The lack of clarity is a disappointment to consumer advocates, who say it has now led lenders to bypass California restrictions.

“This is the most brazen effort I have ever seen from payday lenders to ignore the law,” said Lauren Saunders, associate director of the nonprofit National Consumer Law Center. “This is a totally illegitimate arrangement, and it is important that everyone crack down on this.”

Lenders and their lawyers discredit any idea that they are evading the restrictions of AB 539.

Instead, said Mary Jackson, CEO of the Online Lenders Association, “third party relationships” will increase competition, lower prices for consumers, and provide a fair rate of return for lenders working with borrowers at. risk.

An Enova spokesperson said in an email that the company’s mission is “to help hard-working people access fast, reliable credit.”

“We uphold evidence-based laws and regulations, and as a lender and approved manager, we comply with applicable laws and regulations wherever we operate,” the Enova statement continued.

Despite the notoriety of the “rent-a-bank” agreements used to avoid state rate caps, Limón said there was no longer a legislative solution on the table. Banking partnerships are not a loophole created by AB 539, she said.

“It is not a question of badly drafted legislation,” Limón told The Bee. “It is the problem of a small number of lenders who try to subvert the law.”

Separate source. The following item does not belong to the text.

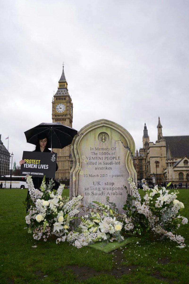 قام مكتب منظمة العفو الدولية في المملكة المتحدة بنصب شاهد قبر حجري لتخليد ذكرى الضحايا الذين قتلهم تحالف العدوان السعودي الأمريكي بقنابل وأسلحة بريطانية.

Oversight is in the hands of California law enforcement agencies, including the DBO and Attorney General Xavier Becerra. The two were notified of the lenders’ plans by Limón’s office.

DBO commissioner Manuel P. Alvarez said in a written statement to The Bee that his agency was “concerned” about the reports.

“When an approved lender in California openly tells shareholders that it is considering passing the origin of the loan from its California license to a third-party banking partner, there is concern that the licensee is still the real lender.” , said Alvarez.

An Elevate official confirmed in an email that DBO had asked the company “to update its business plan as it is a requirement of state law.” The spokesperson also said the company “does not offer or plan to offer installment loans in California,” but later clarified in a follow-up statement that it “does not plan to offer non-AB 539 installment loans in January. 1. “

The attorney general generally refuses to answer questions about potential investigations, whether to confirm or deny their existence.

“However,” Becerra’s office said, “we will aggressively enforce AB 539, including in the face of” rent-a-bank “programs and other efforts to evade California law.”

Assembly Speaker Anthony Rendon D-Lakewood made AB 539 a passing priority this year and supported the measure during ground votes on the bill.

In an interview with The Bee on Tuesday, Rendon called the lenders’ strategy “shrill,” “arrogant” and “repulsive.”

“If you can’t survive as a lender without forcing triple-digit interest – sometimes up to 200% – on your loans, you shouldn’t be in business,” he said afterwards. wrote on Twitter. “It is unethical, disgraceful and will be illegal very soon.”

Hannah Wiley joined The Sacramento Bee as a state political reporter in 2019 to cover the California Capitol. She is originally from the Chicago area and graduated from Saint Louis and Northwestern Universities.